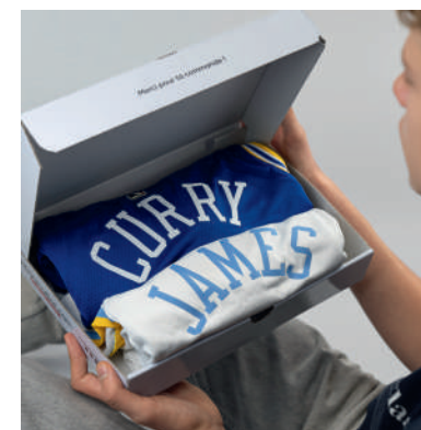
Des maillots authentiques (foot-rugby-basket)
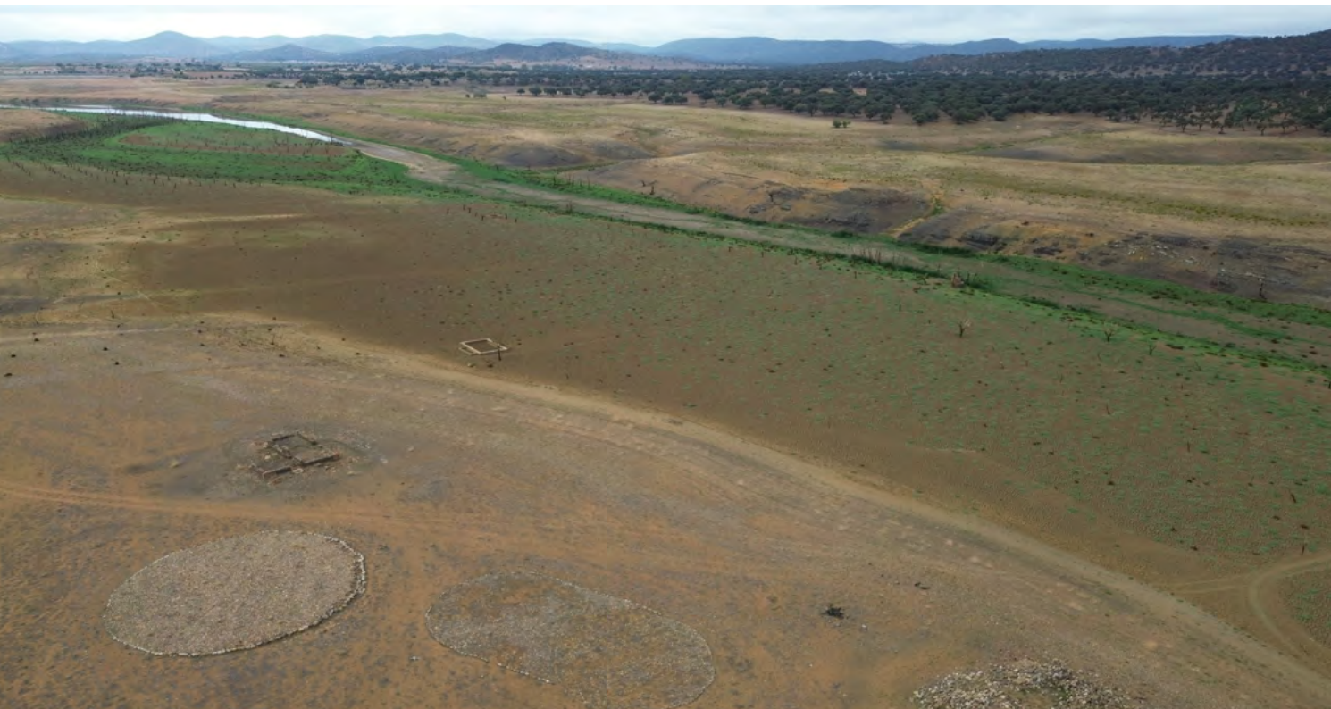
Figura 3. Imagen general del valle, en la que se puede ver retazos sobre el paisaje agro-ganadero.
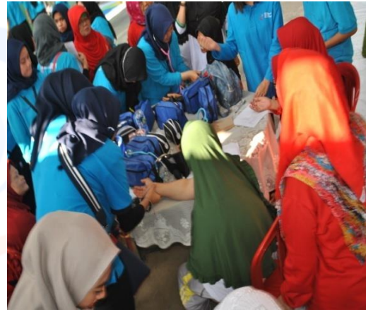
Keterangan Gambar : Suasana saat mahasiswa/i fisioterapi Esa Unggul melakukan pemeriksaan vital sign terhadap warga di sekitar lokasi acara.
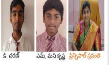
పఠాన్ చెరు, సంగారెడ్డి, ఏప్రిల్ 30.

పఠాన్ చెరు మండలం చిన్న కంచర్ల గ్రామంలో గల బీసీ గురుకుల మహాత్మా జ్యోతిబాపూలే పాఠశాల, విద్యార్థులు మరోసారి పదవ తరగతి ఫలితాల్లో
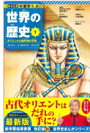
「集英社版 学習まんが 世界の歴史」全18巻

まず題名で「え!？」と思いますよね。酒が主食ってありえないでしょ?と思いきや、作者はノンフィクションで有名な高野秀幸氏。これは読んでみるしかないでしょう!お酒好きな大人におすすめ。
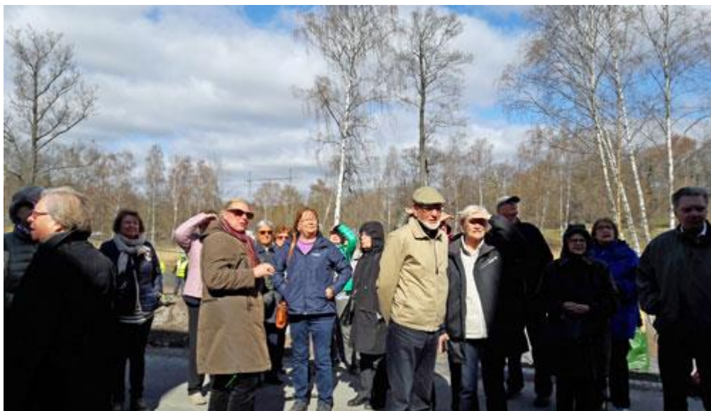
Hon visade oss på en länga med stadsradhus, som kallas Zenhusen p.g.a sin japanska stil. De är med och tävlar om utmärkelsen Årets Stockholmshus 2018.
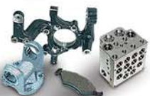
METALLRINGE, FLANSCHEN, BREMSBELÄGE UND JEDES ANDERE HANDLING
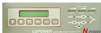
Панель управления с ЖКИ-дисплеем
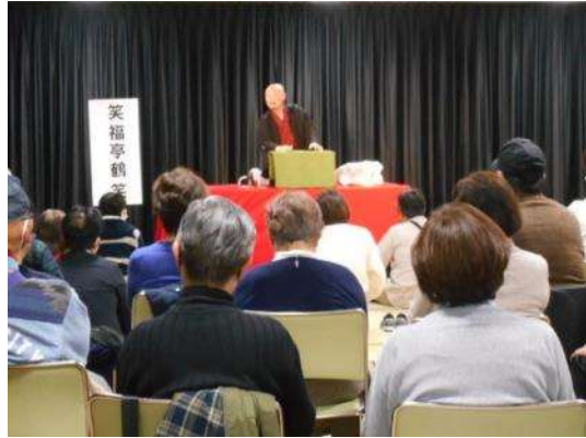
ボランティア主体の人形劇と落語の会
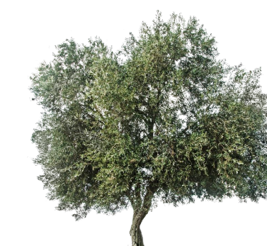
Ulivo ( Olea europaea )
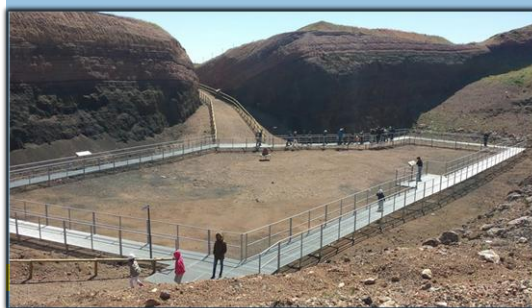
Volcán Museo de Cerro Gordo (Granátula de Calatrava)

____

**Required action**. With the pictures excluded, retype the records above verbatim.

**Output of the exercise**.
Des maillots authentiques (foot-rugby-basket)
Figura 3. Imagen general del valle, en la que se puede ver retazos sobre el paisaje agro-ganadero.
Keterangan Gambar : Suasana saat mahasiswa/i fisioterapi Esa Unggul melakukan pemeriksaan vital sign terhadap warga di sekitar lokasi acara.
పఠాన్ చెరు, సంగారెడ్డి, ఏప్రిల్ 30.

పఠాన్ చెరు మండలం చిన్న కంచర్ల గ్రామంలో గల బీసీ గురుకుల మహాత్మా జ్యోతిబాపూలే పాఠశాల, విద్యార్థులు మరోసారి పదవ తరగతి ఫలితాల్లో
「集英社版 学習まんが 世界の歴史」全18巻

まず題名で「え!？」と思いますよね。酒が主食ってありえないでしょ?と思いきや、作者はノンフィクションで有名な高野秀幸氏。これは読んでみるしかないでしょう!お酒好きな大人におすすめ。
Hon visade oss på en länga med stadsradhus, som kallas Zenhusen p.g.a sin japanska stil. De är med och tävlar om utmärkelsen Årets Stockholmshus 2018.
METALLRINGE, FLANSCHEN, BREMSBELÄGE UND JEDES ANDERE HANDLING
Панель управления с ЖКИ-дисплеем
ボランティア主体の人形劇と落語の会
Ulivo ( Olea europaea )
Volcán Museo de Cerro Gordo (Granátula de Calatrava)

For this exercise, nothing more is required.